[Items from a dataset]
..........

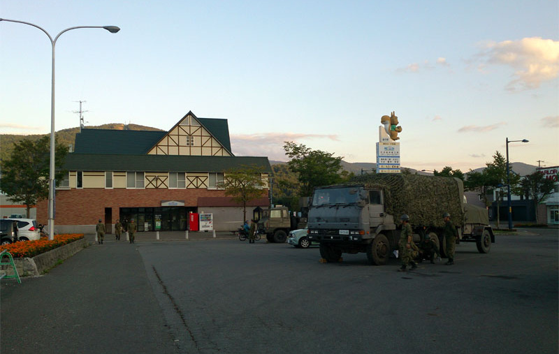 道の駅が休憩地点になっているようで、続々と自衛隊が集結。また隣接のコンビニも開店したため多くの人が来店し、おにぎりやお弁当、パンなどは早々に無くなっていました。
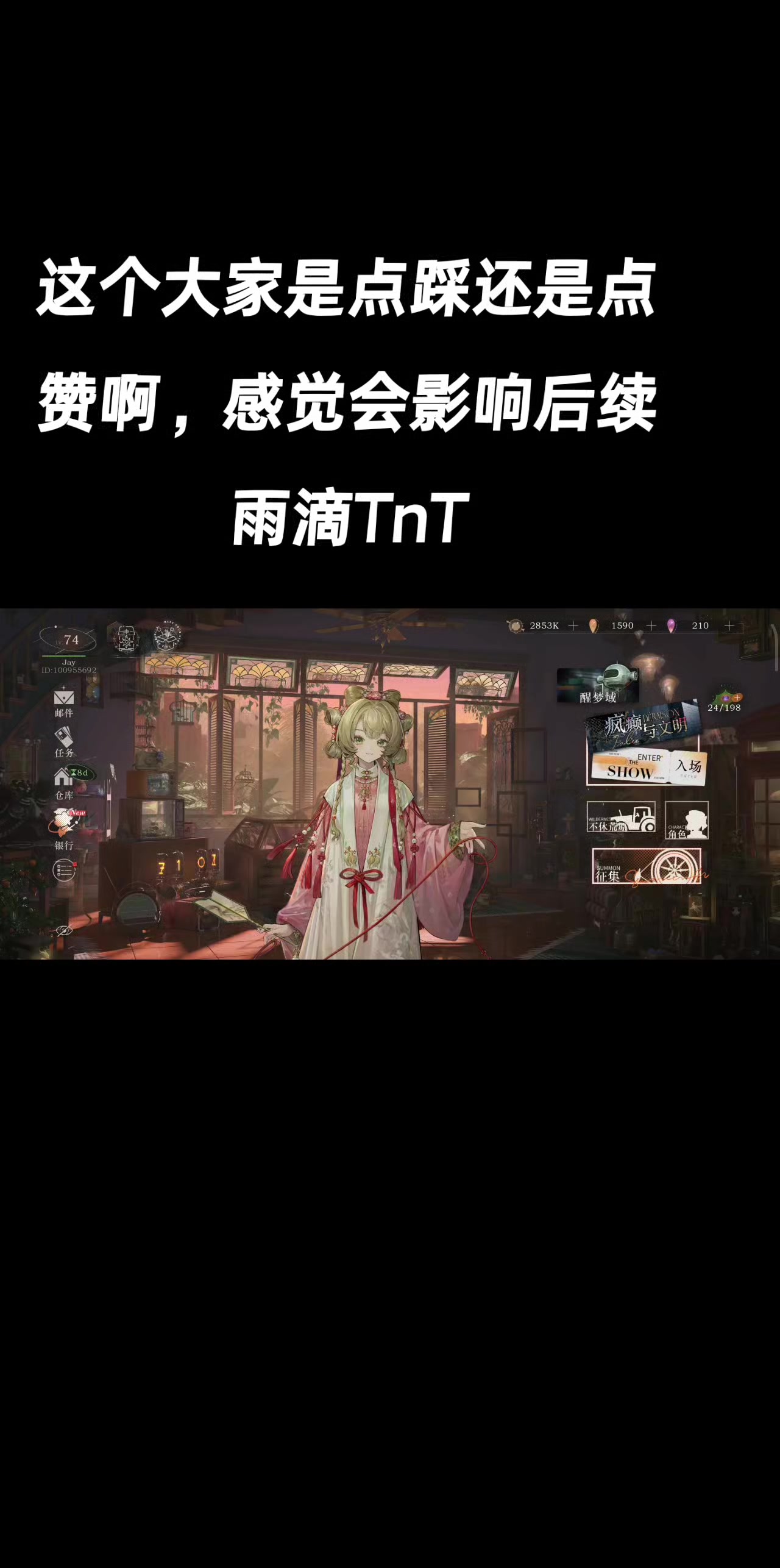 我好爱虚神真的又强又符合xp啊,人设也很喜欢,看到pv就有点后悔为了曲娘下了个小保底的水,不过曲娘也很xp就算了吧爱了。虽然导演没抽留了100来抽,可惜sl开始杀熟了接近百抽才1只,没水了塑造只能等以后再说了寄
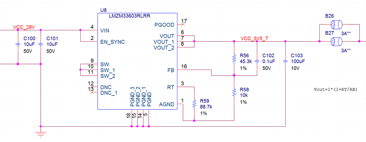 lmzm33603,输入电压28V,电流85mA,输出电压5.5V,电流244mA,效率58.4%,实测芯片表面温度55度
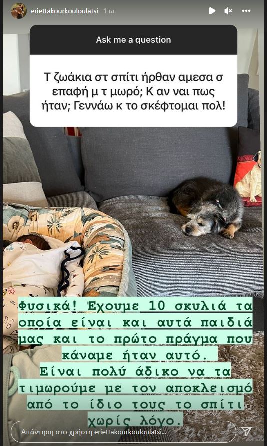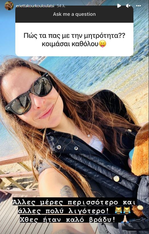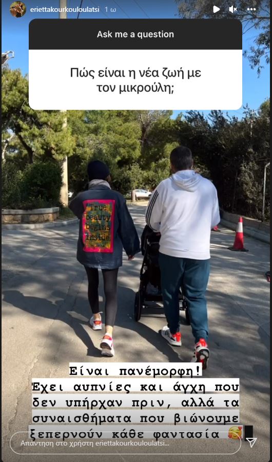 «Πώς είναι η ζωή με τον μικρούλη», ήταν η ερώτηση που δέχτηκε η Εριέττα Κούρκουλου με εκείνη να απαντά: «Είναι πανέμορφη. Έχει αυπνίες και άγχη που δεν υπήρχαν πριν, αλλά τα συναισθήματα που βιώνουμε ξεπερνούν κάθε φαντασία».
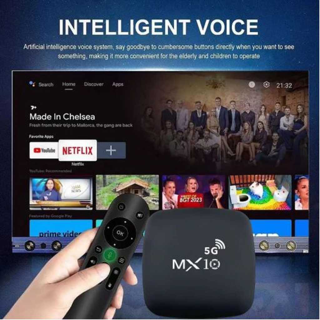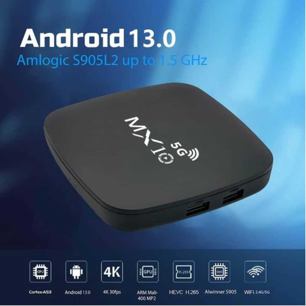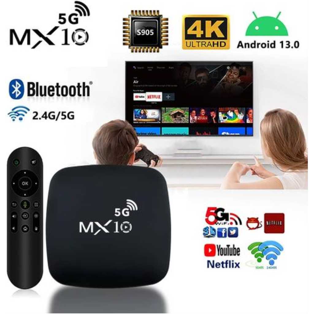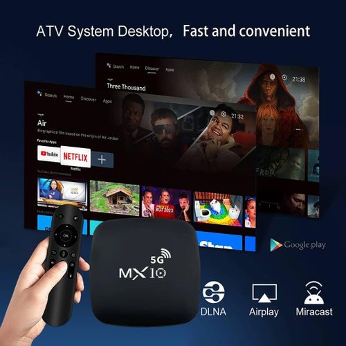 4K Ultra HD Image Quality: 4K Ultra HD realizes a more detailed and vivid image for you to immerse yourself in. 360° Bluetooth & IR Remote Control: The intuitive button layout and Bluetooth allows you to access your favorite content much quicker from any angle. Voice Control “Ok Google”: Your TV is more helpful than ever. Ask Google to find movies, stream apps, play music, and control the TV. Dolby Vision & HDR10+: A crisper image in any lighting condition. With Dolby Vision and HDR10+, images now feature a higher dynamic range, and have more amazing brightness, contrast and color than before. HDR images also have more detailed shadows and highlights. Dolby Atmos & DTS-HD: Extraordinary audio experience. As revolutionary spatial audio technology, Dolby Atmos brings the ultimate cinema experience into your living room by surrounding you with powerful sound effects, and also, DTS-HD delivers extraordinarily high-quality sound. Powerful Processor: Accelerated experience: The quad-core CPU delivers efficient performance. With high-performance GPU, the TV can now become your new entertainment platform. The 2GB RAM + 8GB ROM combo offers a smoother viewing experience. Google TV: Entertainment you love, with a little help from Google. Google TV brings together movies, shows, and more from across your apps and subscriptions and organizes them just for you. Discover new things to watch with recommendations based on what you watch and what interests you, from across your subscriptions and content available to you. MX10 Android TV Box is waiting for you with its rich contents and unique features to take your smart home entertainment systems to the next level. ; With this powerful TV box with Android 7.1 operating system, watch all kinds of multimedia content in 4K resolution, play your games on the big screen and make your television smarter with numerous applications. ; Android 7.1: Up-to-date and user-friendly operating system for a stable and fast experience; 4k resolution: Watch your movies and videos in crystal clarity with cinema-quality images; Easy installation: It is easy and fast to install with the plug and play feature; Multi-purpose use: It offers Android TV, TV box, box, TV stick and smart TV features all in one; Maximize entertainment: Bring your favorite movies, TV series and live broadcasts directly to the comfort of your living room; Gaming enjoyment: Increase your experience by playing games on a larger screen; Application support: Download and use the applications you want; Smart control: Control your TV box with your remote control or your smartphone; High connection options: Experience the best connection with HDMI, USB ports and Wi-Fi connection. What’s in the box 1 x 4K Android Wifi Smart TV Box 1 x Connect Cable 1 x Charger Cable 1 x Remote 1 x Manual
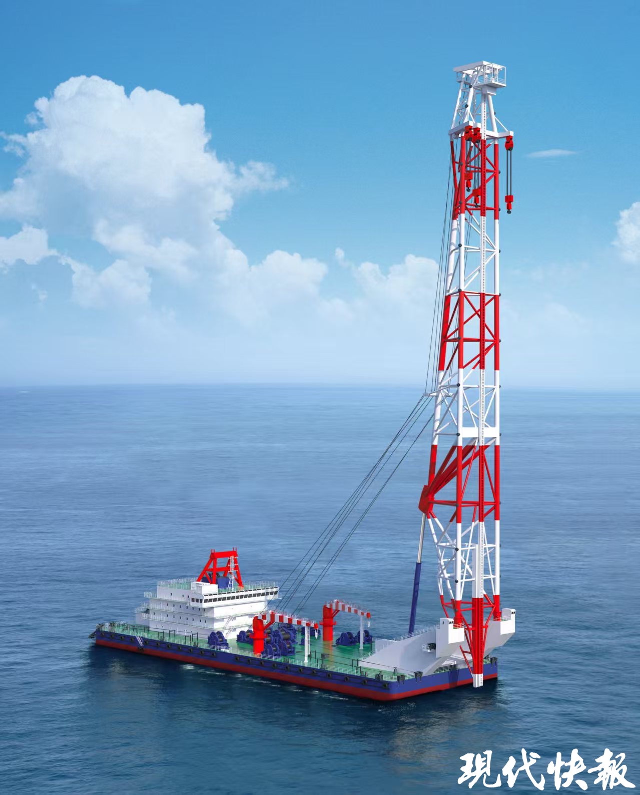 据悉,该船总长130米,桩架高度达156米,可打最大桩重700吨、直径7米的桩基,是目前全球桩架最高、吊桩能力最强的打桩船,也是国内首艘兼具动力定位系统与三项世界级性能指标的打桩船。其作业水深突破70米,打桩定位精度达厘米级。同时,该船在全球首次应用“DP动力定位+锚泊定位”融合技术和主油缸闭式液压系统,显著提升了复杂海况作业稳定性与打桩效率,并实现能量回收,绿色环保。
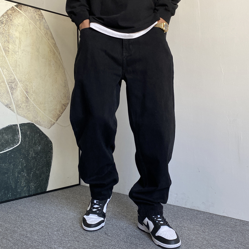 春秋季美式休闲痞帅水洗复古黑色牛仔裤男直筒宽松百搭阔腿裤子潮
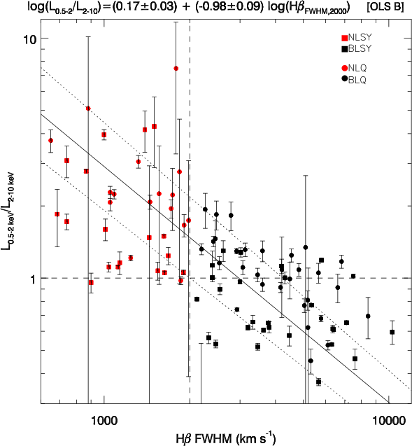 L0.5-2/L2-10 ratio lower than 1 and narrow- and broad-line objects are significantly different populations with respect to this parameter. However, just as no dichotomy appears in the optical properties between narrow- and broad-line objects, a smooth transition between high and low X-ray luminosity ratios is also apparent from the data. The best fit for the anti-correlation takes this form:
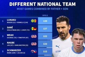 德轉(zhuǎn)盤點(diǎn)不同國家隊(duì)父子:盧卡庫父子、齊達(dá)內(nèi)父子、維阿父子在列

..........

Begin at the line containing "春秋季美式休闲痞帅水洗复古黑色牛仔裤男直筒宽松百搭阔腿裤子潮" and copy every line through the end of the data above exactly, omitting the pictures.

- **WRITTEN SOLUTION**:
 春秋季美式休闲痞帅水洗复古黑色牛仔裤男直筒宽松百搭阔腿裤子潮
 L0.5-2/L2-10 ratio lower than 1 and narrow- and broad-line objects are significantly different populations with respect to this parameter. However, just as no dichotomy appears in the optical properties between narrow- and broad-line objects, a smooth transition between high and low X-ray luminosity ratios is also apparent from the data. The best fit for the anti-correlation takes this form:
 德轉(zhuǎn)盤點(diǎn)不同國家隊(duì)父子:盧卡庫父子、齊達(dá)內(nèi)父子、維阿父子在列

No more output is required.